Stambough Jeffrey B, Nunley Ryan M, Curry Madelyn C, Steger-May Karen, Clohisy John C
Washington University School of Medicine, Department of Orthopaedic Surgery, St. Louis, Missouri.
Washington University School of Medicine, Department of Orthopaedic Surgery, St. Louis, Missouri.
J Arthroplasty. 2015 Apr;30(4):521-6. doi: 10.1016/j.arth.2015.01.023. Epub 2015 Jan 23.

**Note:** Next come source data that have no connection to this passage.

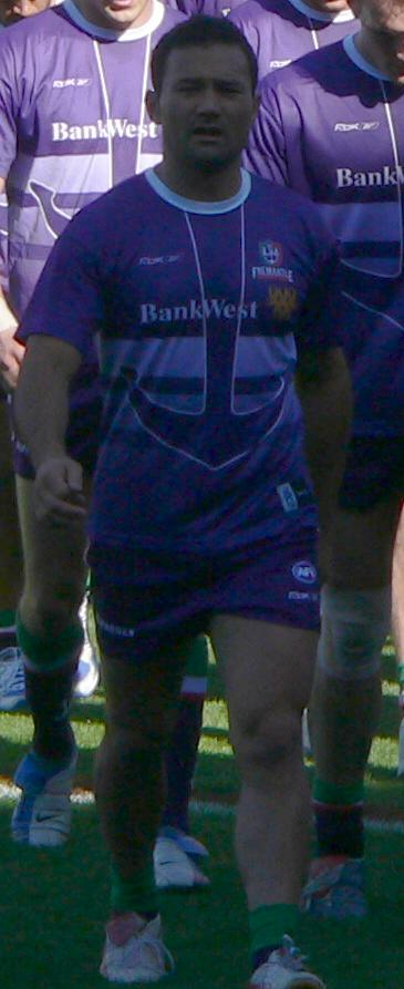 Peter Bell leading the Fremantle Football Club from the ground before a 2005 AFL game at Subiaco Oval.
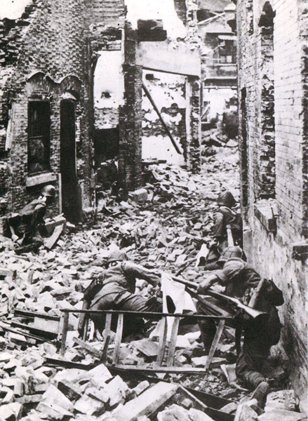 Japanese naval infantry of the Shanghai Special Landing Force fighting in streets near Sanyili, Chapei, Shanghai, 6 October 1937
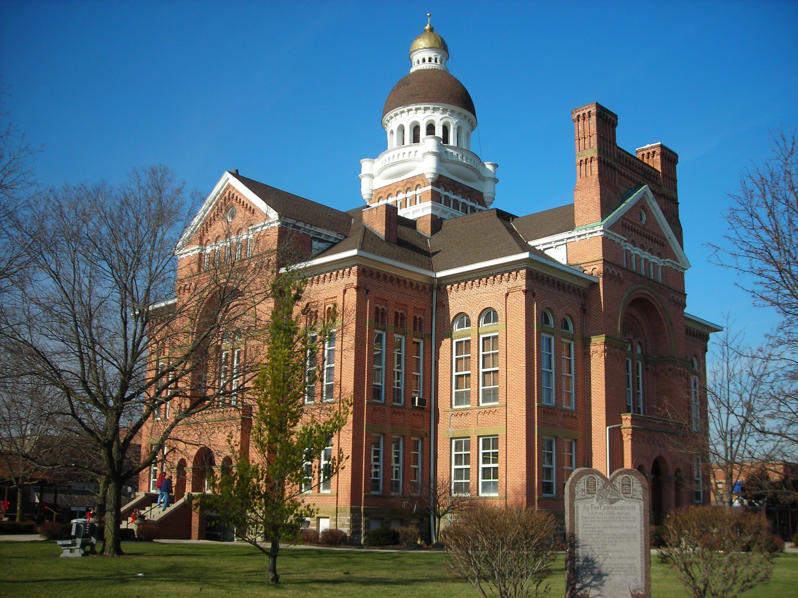 Courthouse of Paulding County, OH. Note the Ten Commandments in the lower right.
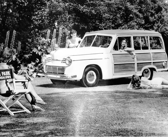 Keller Promo picture taken at a pool
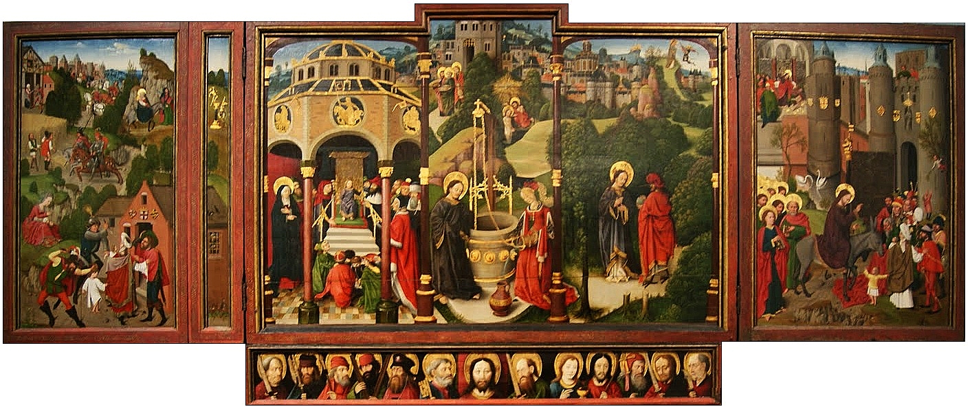 Left panel, obverse. Scenes: The Massacre of the Innocents, Herod's soldiers, Miracle of cereal, Flight into Egypt.
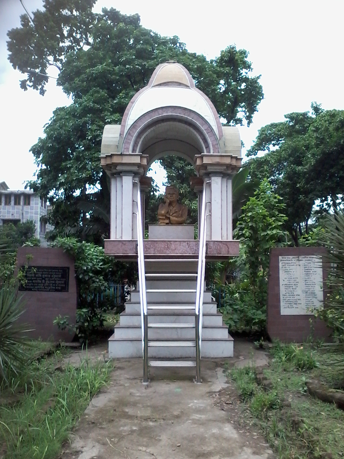 This is situated on the traffic island near Ichhapur, Howrah, West Bengal.

We sought to investigate the impact of incremental perioperative recovery protocol changes on hospital LOS and readmission rates associated with primary THAs. A total of 1751 cases were assigned to one of four protocol cohorts across 13 years: traditional, enhanced pain management, early mobility, and rapid recovery (RR). LOS significantly decreased between sequential eras and by 52% between the traditional and RR pathways (IRR=0.48; 95% CI 0.44, 0.53; P<0.0001) without an overall increase in 30-day readmission rates (P=0.13). The odds of readmission for THAs performed under the RR pathway were almost one-third those of the traditional era (OR=0.36; 95% CI 0.14, 0.93; P=0.04). Accelerated clinical care protocols should be considered for most patients undergoing primary THA.
我们试图研究围手术期恢复方案的逐步改变对初次全髋关节置换术(THA)相关的住院时间(LOS)和再入院率的影响。在13年的时间里,共有1751例病例被分配到四个方案队列之一:传统方案、强化疼痛管理、早期活动和快速康复(RR)。在连续的时期之间,住院时间显著缩短,在传统方案和RR方案之间缩短了52%(发病率比[IRR]=0.48;95%置信区间[CI]0.44,0.53;P<0.0001),而30天再入院率没有总体增加(P=0.13)。在RR方案下进行的THA再入院的几率几乎是传统时期的三分之一(比值比[OR]=0.36;95%CI0.14,0.93;P=0.04)。对于大多数接受初次THA的患者,应考虑采用加速临床护理方案。